Double standards

In a reported effort to upkeep the law, City Hall on Wednesday said that its decision to demolish the ramp leading to the Teleperformance Parking Lot was based on, among other things, primarily the fact that elevating just one section of the pavement would be dangerous to the differently-able community, especially those who are visually impaired.
Public Relations Officer of M&CC, Debra Lewis, supported Town Clerk Royston King on Wednesday and told sections of the media that M&CC has to be sensitive to the needs of the differently-able community and the ramp was a hindrance to them.
It is heartening that the Mayor and City Council has finally seen the necessity to take the needs of those living with disability into consideration but this latest action in the name of those living with disability is a hilariously hypocritical position. The public can recall a mere two weeks ago, the very City Hall, that is working in collaboration with Smart City Solutions, the parking meter company, had erected parking meters near the Ptolemy Reid Rehabilitation Centre on Carmichael Street, Georgetown. The Ptolemy Reid Rehabilitation Centre is a facility that facilitates the enhancing of the lives of persons living with disabilities. It is a Centre where on a daily basis it provides rehabilitative services, including physiotherapy, special education, speech therapy to our special needs persons in society. Were the needs of those living with disability, who frequent the Ptolemy Reid Rehabilitation Centre, taken into consideration by City Hall and its associates when they erected the parking meters in that area? The National Disability Commission had also complained about the placement of the meters, noting that their presence in the middle of parapets were hazardous to disabled persons.
According to the laws of Guyana under the National Disability Act, the construction of any facilities that would impact negatively on disabled persons is prohibited.

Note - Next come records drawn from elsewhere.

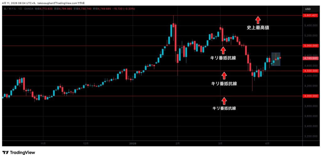 青色の四角で囲ったところが先週のゴールド相場になります。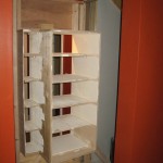 This custom media rack shown on AVSForum swings out by way of a secret door on Soss hidden hinges, allowing access to the rear of the rack and storage space underneath the stairs.
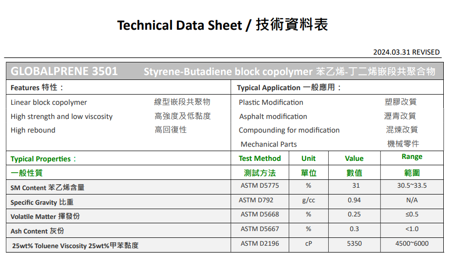 Styrene Butadiene Styrene SBS ResinProduct Name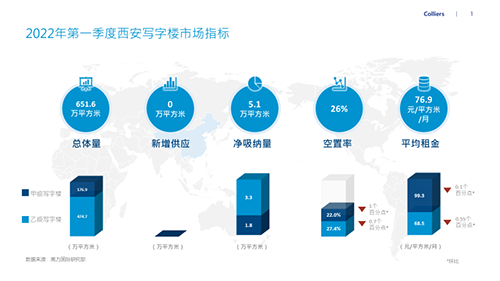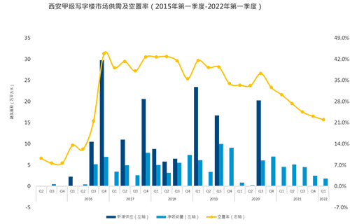 本季度全市無新增項目入市,截至2022年第一季度末,西安市甲級寫字樓市場總存量依然保持在176.9萬平方米。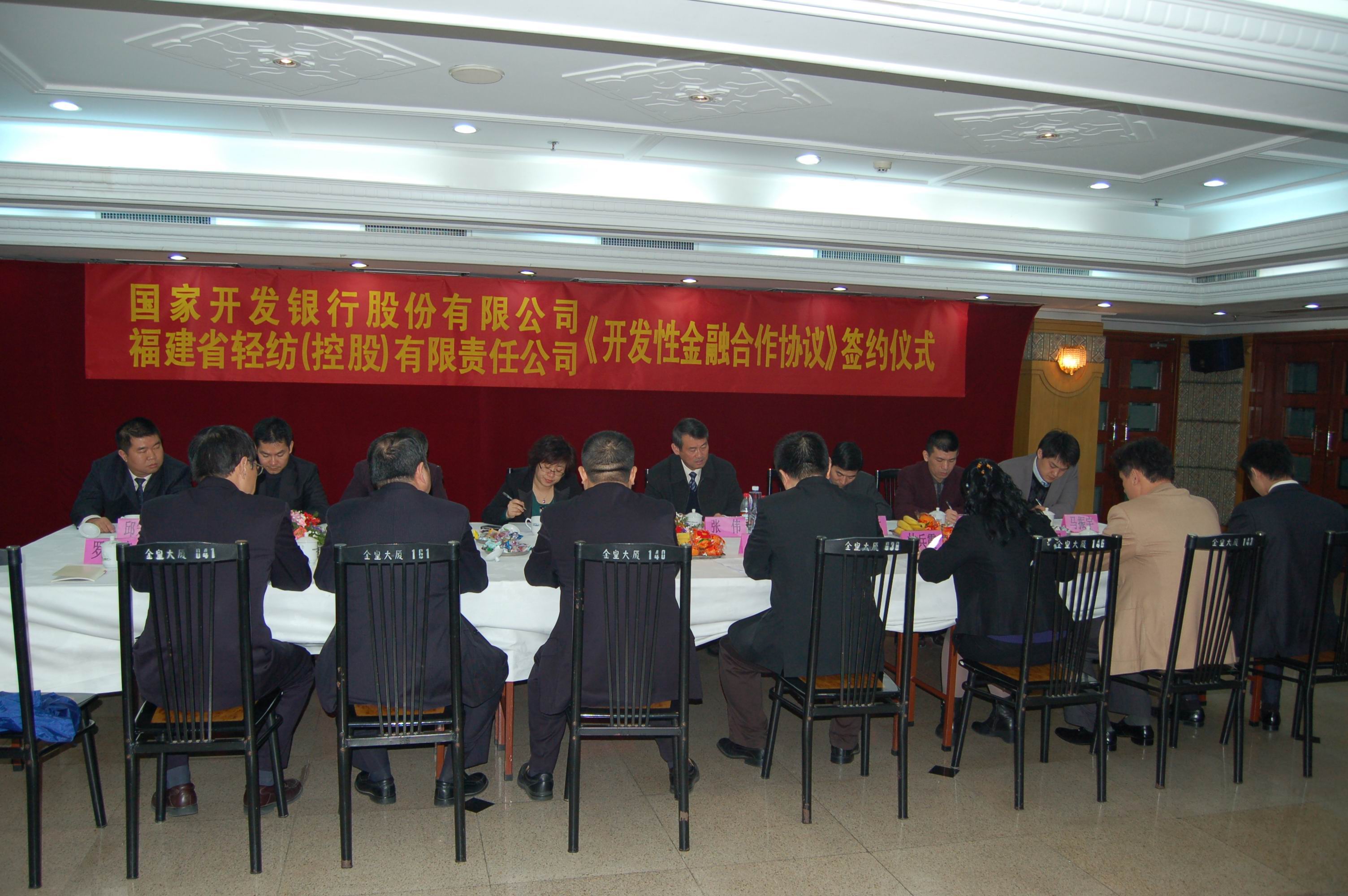 12月24日,福建省輕紡(控股)有限責任公司與國家開發銀行簽訂《開發性金融合作協議》。國家開發行福建分行行長張偉、副行長曾麗卿、福建省輕紡(控股)有限責任公司總經理鄭震、副總經理黃國英出席了出席了簽約儀式。簽約儀式由黃國英副總經理主持。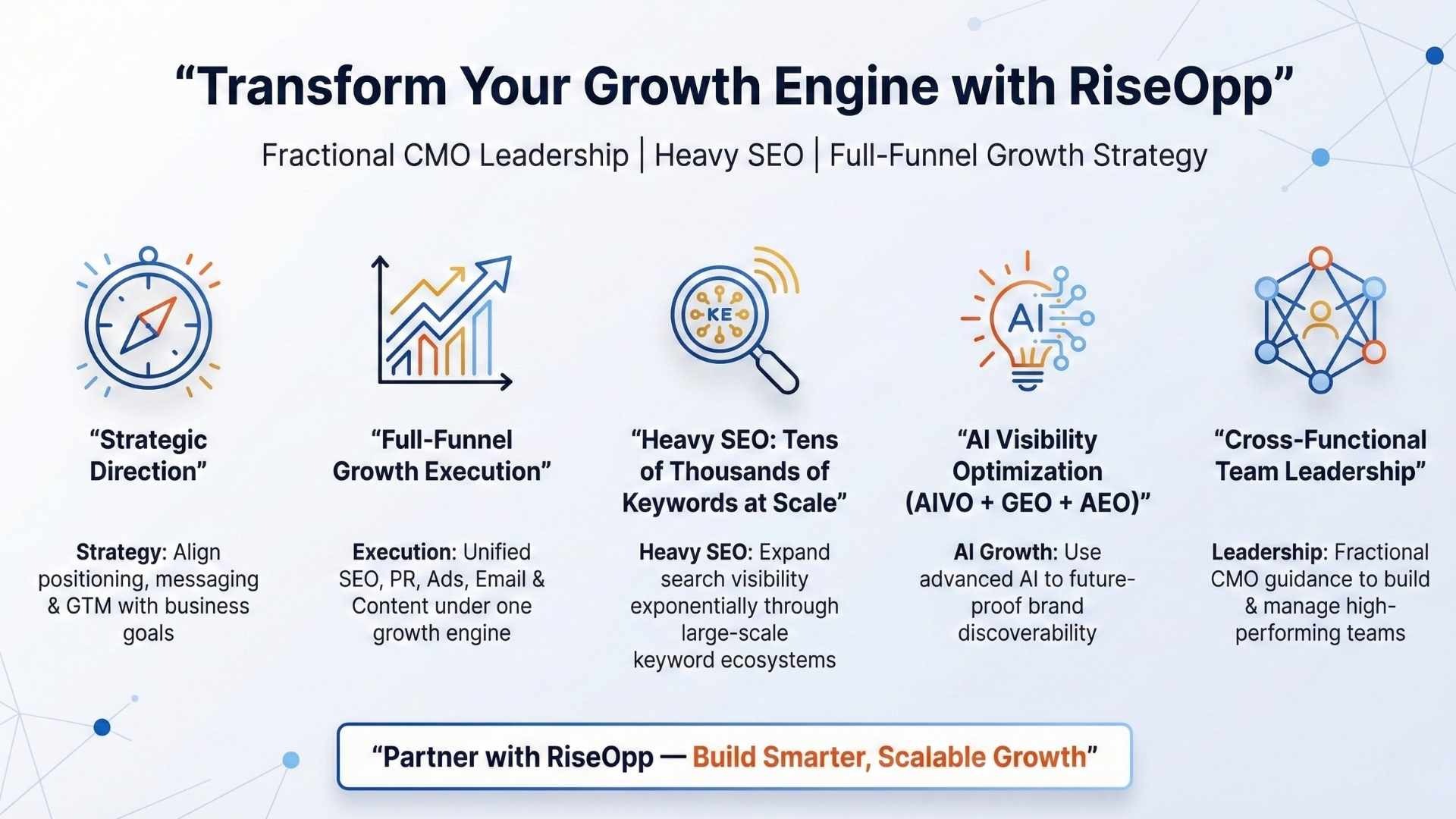 As a Fractional CMO and GEO & SEO agency, RiseOpp works with B2B and B2C companies that need senior-level ownership of growth without adding a full-time C-suite headcount. Through its comprehensive Fractional CMO services, RiseOpp helps marketing leaders: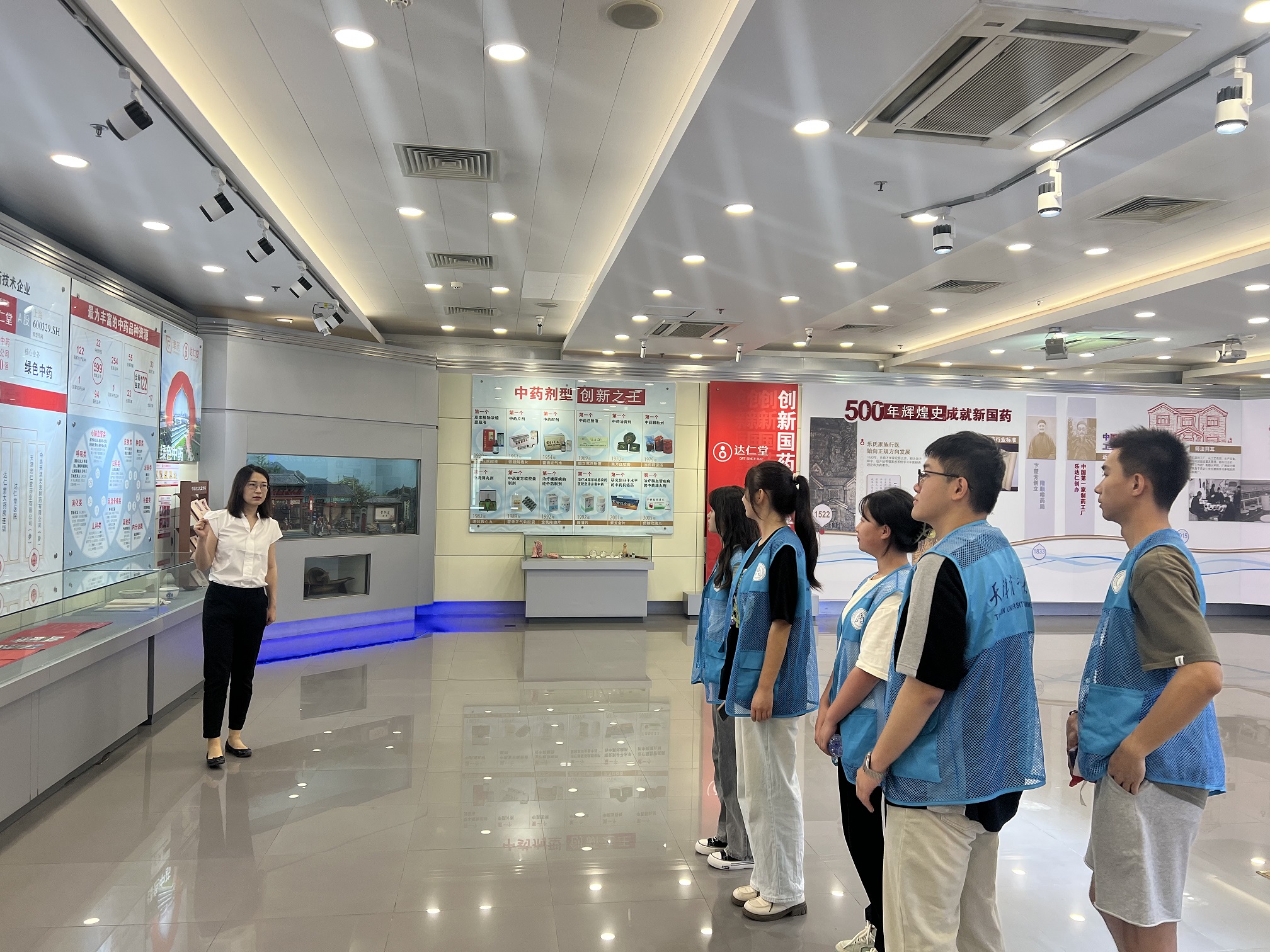 实践队先后来到天津长芦汉沽盐场、达仁堂国药文化展览馆、津药达仁堂现代中药产业园调研参观。在汉沽盐场,实践队参观盐业发展展览馆,体验古法制盐和盐塑,引导实践队从多个视角了解天津,从汉沽盐场了解天津盐铁经济的历史。在津药达仁堂现代中药产业园重点参观了天津医药展览馆、津药达仁堂自然人文陈列馆、“百年老字号”达仁堂制药厂、“卫药”代表隆顺榕制药厂和集成现代中药提取技术的中新制药厂等两个展览馆、三个参观区域,领略了天津中药历史文化知识以及中药现代化进程,感受中医药传承精华、守正创新,逐渐走向世界、走向现代化的重要历史成就,对中医药千百年来的重要地位、发展历史及文化底蕴有了更加深刻的认知,在基层社区宣传教育中融入中医药文化基础知识。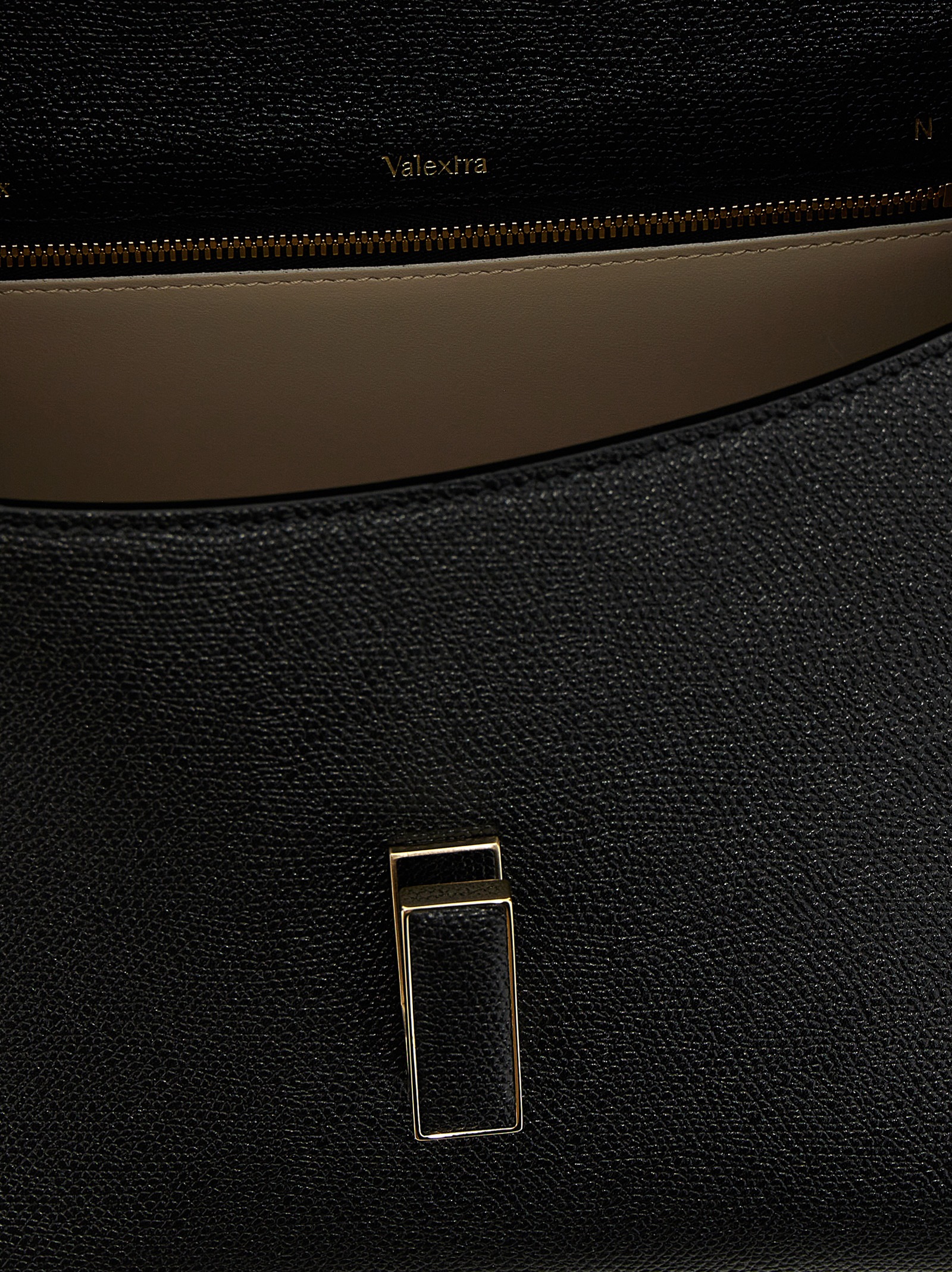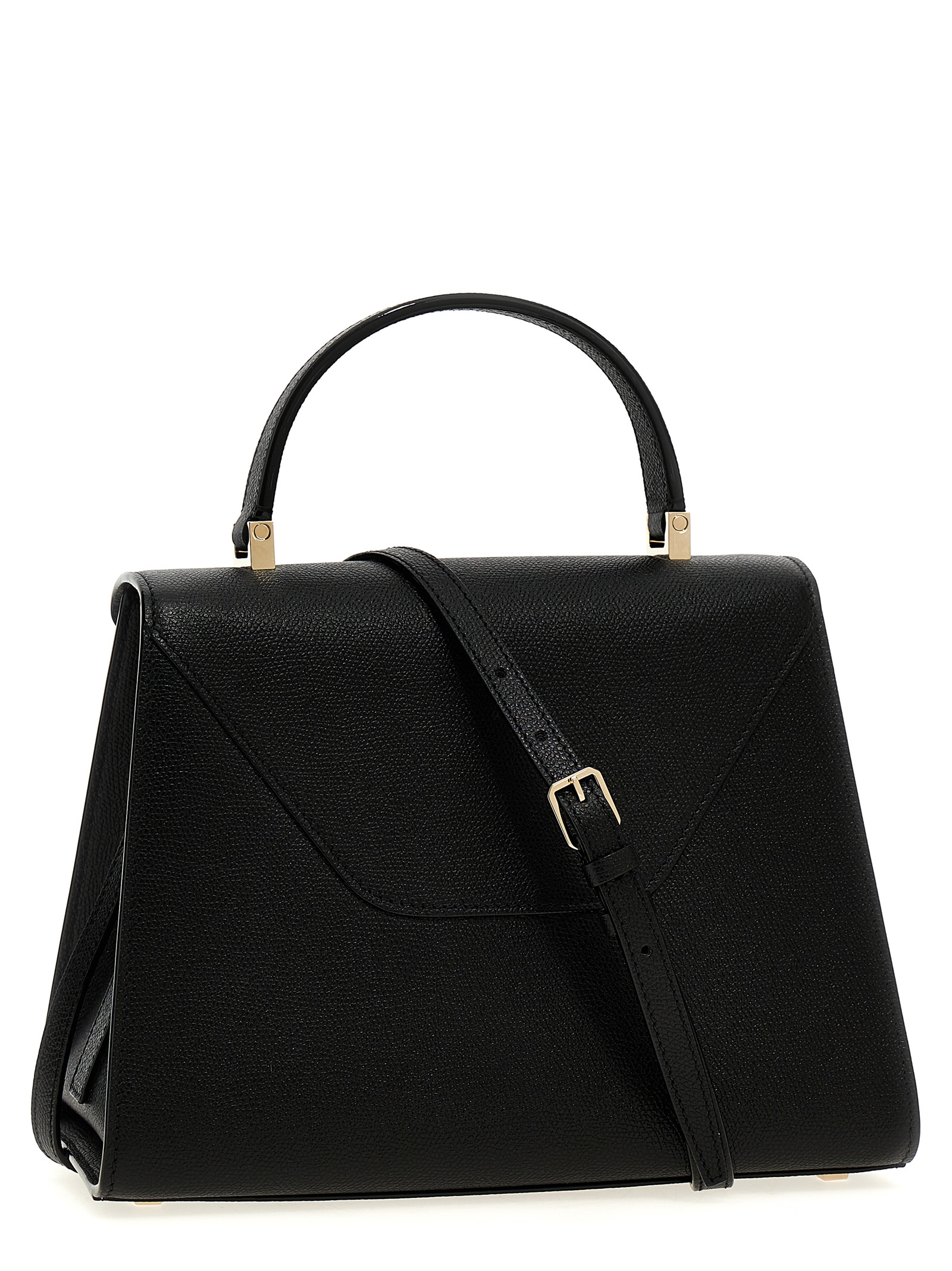 ‘Iside’ medium handbag in Millepunte calf leather, Costa Valextra piping, fixed handle, flap turn-up closure, metal details, adjustable and removable shoulder strap.
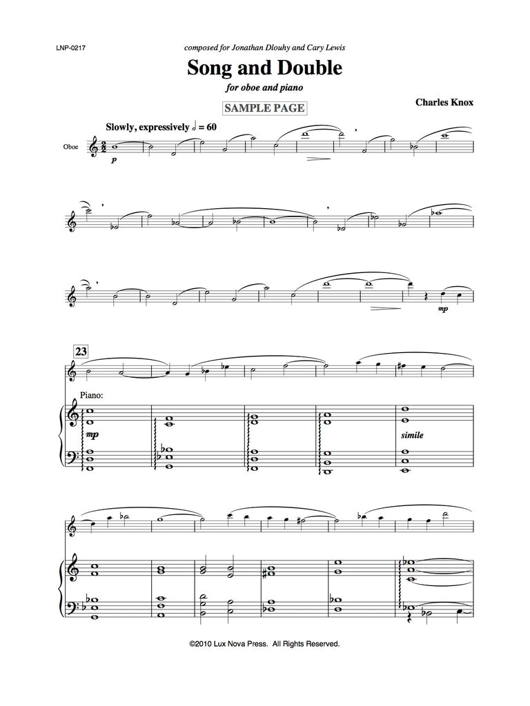 Song and Double is a lyrical tune for oboe and piano and a rather distant variation of that tune. Oboist Jonathan Dlouhy and pianist Cary Lewis gave the first performance of this piece, which was written especially for them, in 1984.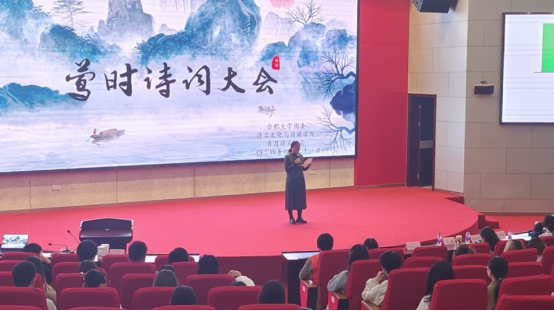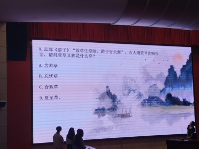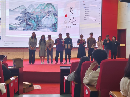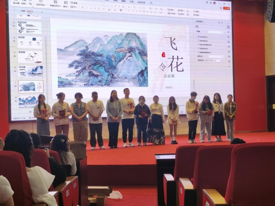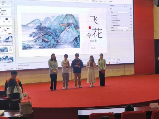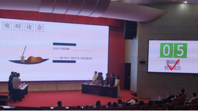 比赛在舞龙舞狮俱乐部同学的精彩表演中拉开帷幕,刘美艳作开场致辞,现场分为团队赛、个人赛和友谊赛三项赛程。团队赛中,六支团队分别派出两名选手上阵,在激烈的抢答题中,各校选手都展现出了出色的团队意识和丰富的诗词储备。个人赛环节,各选手将按照组号轮流答题,利用有限的时间在九宫格找出隐藏的诗句;随后是沙画视频猜诗句比赛,选手们需要根据所看到的画面猜出对应诗句,既考察选手们古诗词记忆背诵的基础,也检视选手们对古诗词的理解和感悟。

The Act also states that the Commission shall collaborate with public or Private Sector agencies to ensure the attainment of a barrier-free environment that will enable persons with disabilities to have access to public or private buildings and establishments. The fact that the parking meters were erected in the Cty and more so in an area where differently-abled person frequent, displays in itself that there were no consultations with the National Commission on Disability (NCD) on this matter. It was after Guyana Times and other sections of the media highlighted the grave injustice to persons living with disability that the company decided to meet with the NCD. This shows utter disrespect to our brothers and sisters living with disabilities. It is unfortunate that Government itself did not recognise that City Hall and its contracted parking meter company were trampling on disabled persons in our society, whose rights are protected both locally and internationally. This in itself highlights that no proper consultations were done on this projected with was imposed on citizens.
As a matter of fact, it is the lack of consultation that led to the widespread criticisms of the secretive parking meter project from the inception with prominent persons in society describing it as a “get-rich-quick scheme”, given the capricious and tenuous strategies and justifications provided for some aspects of the project.
City Hall cannot use the differently-able community as a toy to carry out its master plan. It is an insult to persons living with disabilities.